Имп Плюс вошел. Он прошел сквозь яркость. И было слышно, что Слабое Эхо уже давно завершило отвечать, что эти нервы в радужке того глаза выступают из своей темной мембраны из-за того, что вещество передатчика норадреналин светится в нейронах.

Но темнота, в которую вошел Имп Плюс сквозь вену яркого мазка, не могла быть ее темнотой. Действительно, участок водянистой влаги был ее. Поскольку она поступила из складок, где волокна укрепляли объективы ее глаз. Она вытекла и отделилась, заполнила и открыла новую складку среди трещин и гребней.

Но, подобно трещинам и гребням, седловинам и перекатам, что были его, эта новая складка тоже была его. Она была частью всего, на что распространила свое поле сыворотка сладких частиц.

Что было телом. И было его. Хоть и не его телом. Большая часть которого утрачена. И поэтому не могло реагировать.

Запах ее глаз на морском побережье также теперь исчез, как и следовая паутина света нерва радужки, сквозь которую Имп Плюс проник в темноту, которая, как он теперь слышал, вваливалась к нему.

Темнота, что была его, знал он.

Поскольку в том, что было его.

Что было одной складкой из множества складок, из многих седловин, расщелин, трещин.

Темнота была его, потому что разламывалась. Она обвалилась и разломилась на части, которых, как он обнаружил, ему хотелось. Но разлом был настолько огромным, что его клетки, заслышав его, также разломились; и его клетки, завидев это, были глазами, втиснутыми во впадины, пока мешочки не лопнули, и водянистая влага не пролилась; так что глаза остались утопленными, а это и случилось в том, как он теперь знал, что он подготовился не помнить, но все равно помнил, хоть и не слово для этого. Это было как то, что он ощущал прежде, что оно тоже было здесь. Для него он также не мог найти слово.

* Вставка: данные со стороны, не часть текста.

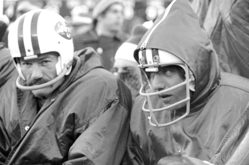 Don Maynard FILE - New York Jets' Don Maynard, left, and Joe Namath watch from the bench dureing a football game against the Cleveland Browns Jets quarterback Joe Namath, resting an ankle injury, nestles against the cold as he sits out game against Cleveland Browns at Shea Stadium in New York on Dec. 17, 1972. In some shots wide receiver Don Maynard (single face bar) sits next to him. Don Maynard, a Hall of Fame receiver who made his biggest impact catching passes from Joe Namath in the wide-open AFL, has died. He was 86. The Pro Football Hall of Fame confirmed Maynard's death on Monday, Jan. 10, 2022, through his family.(AP Photo/Harry Harris, File) (Harry Harris/AP)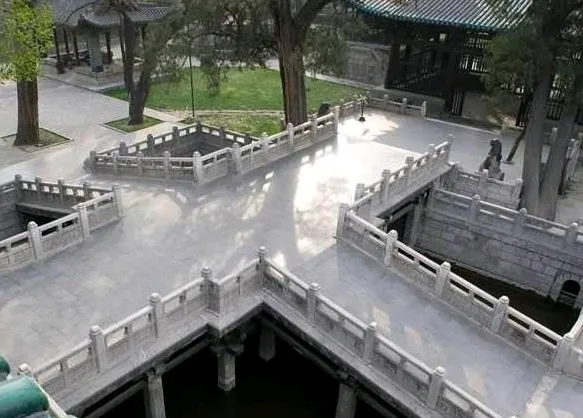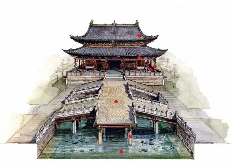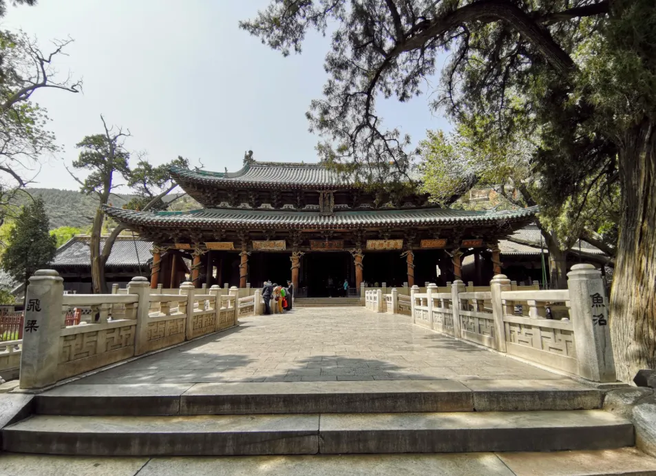 鱼沼飞梁:位于圣母殿与献殿之间,是我国现存古桥中极为罕见的十字形古桥。桥下为方形鱼池(古人称方为沼),池中立有34根小八角石柱,柱上架斗拱,斗口十字相交,以承接梁、额与横梁,而梁上架有十字桥面,由中心向四周伸下阶梯连接四边地面,即“飞梁”。这种结构在古画中偶见,实物则仅此一孤例,梁思成先生曾盛赞其“实为可贵”。

Он знал лишь, что оно спрашивает. Вне того, какое он раньше чувствовал, он выяснил, что в свою очередь было вне слов, которые уже нашел. Клетки, заслышав и завидев разламывание, были иными, нежели само разламывание. Разлом был мягким, как клей. Клейкое единство разваливалось на множество губчатых единств, что потом становились намного, намного больше, а затем снова превращались в единства клея. Но десять к одному, что это и был клей. Десять клея к одному грэю. Но клей должен быть белым, а этот был темнее. И здесь звучало глубокое похрустывание, неслышное, словно бы предвосхищающее.

Ему хотелось слово для того, что раньше чувствовал: слово, какое больше было бы вопросом. Он хотел остановиться, пожалуйста. Но теперь обнаружил, что по темноте может сам разместить и снова разместить то, что поблекло или выключили: сладкий запах и нервы, полные света. Потому вот они снова, припомненные тут. Он думал, что может такое сделать, и без слов. Что не то другое, какое он чувствовал, и то было слово, которое больше вопрос.

Но сейчас от центра разламывающаяся темнота начинала разламываться.

На все больше и больше углов, но обратно, чтобы указать на точку растущего центра, из которого все углы ускользали прочь, как звезда темноты, вывернутая снаружи внутрь, углами. И расступавшаяся темнота забрала с собой сети нерва радужки, которые он заставил возникнуть вновь, и забрала сладкий запах ее глаз на берегу.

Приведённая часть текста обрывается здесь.